If fine-dining is to continue, iconic Michelin restaurants will have to find a way of holding on to these people better. Trends will will have to change and a re-evaluation made of just how necessary some of their marginal gains really are. More likely, I think, people interested in eating that kind of food will have to spend more for it.
I’m all about spending an afternoon cleaning bugs from the wild herbs I’ve picked to use in my family Sunday dinner. As a 37 year old nerd, that genuinely sounds like a lovely waste of time to me.
If I was ever asked to do that again to satisfy someone’s demand for Michelin Star food, however, I’d want something more than experience on my CV for the effort.
Life is too expensive for that not to be so.
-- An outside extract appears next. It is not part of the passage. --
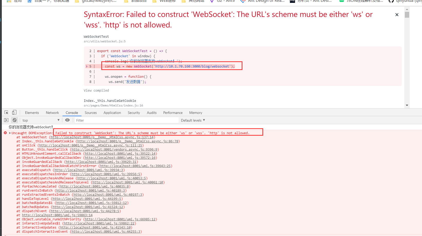 // 意思是要使用 ws或wss协议,不能使用 http, 原因在 js 中没有写协议导致,

That was so informative and fascinating. How unfortunate that more often than not stagiaires don't get paid. Free labor should not be a thing, even if there may be value of experience and potential future career development.
“Bear in mind that Noma, maybe the biggest, most famous fine-dining restaurant of them all, only figured out a way of paying their stagiaires at the end of last year.
A few months later they announced they’ll be closing as a restaurant in 2024.”
High-end restaurant culture is so fascinating. The combination of ruthless dedication and passion, and the absurdity of thrift and costs and personalities, is pure story-fuel.
You harness it very well! Great piece Wil.